Naisten Ääni
- Editor-in-chief: Maikki Friberg
- Categories: Feminist magazine; Women's magazine;
- Founded: 1905
- Final issue: 1949
- Country: Finland
- Based in: Helsinki
- Language: Finnish

= Naisten Ääni =

Feminist magazine in Finland (1905–1948)

Naisten Ääni (Women's Voice) was a feminist magazine which was published between 1905 and 1949 in Helsinki, Finland. It was started by the Naisasialiitto Unioni (Feminist Association Union) and became affiliated with the Suomalainen naisliitto from 1907.

==History and profile==
Naisten Ääni was established by the Naisasialiitto Unioni in 1905. The magazine ended its connection with the Naisasialiitto Unioni in 1907 and became an official organ of the Suomalainen naisliitto. The latter had members from Swedish- and Finnish-speaking groups in Finland.

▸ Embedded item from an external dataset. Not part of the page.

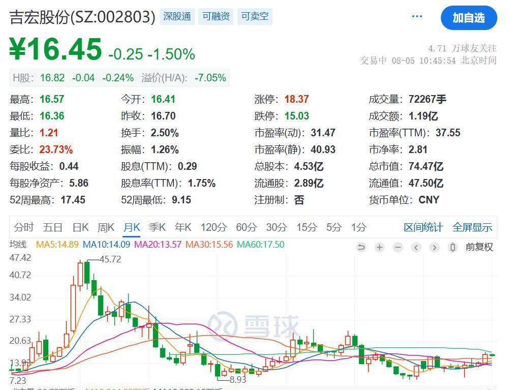 然而,在二级市场上,吉宏股份的股价近年来却呈现震荡下滑的趋势。自2020年9月至今,股价已累计下跌超过六成,反映了市场对公司业绩的担忧。

Maikki Friberg was instrumental in the foundation of Naisten Ääni and served as its editor-in-chief until her death in 1927. The magazine attempted to enlighten women about various topics such as women's right to vote. It mostly featured political articles on women's education, their employment and emancipation and the mini-biographies of women and obituaries. Some of the articles were written by women. The magazine sold 10,000 copies in 1917.

Naisten Ääni folded in 1949. Its issues were archived by the National Library of Finland.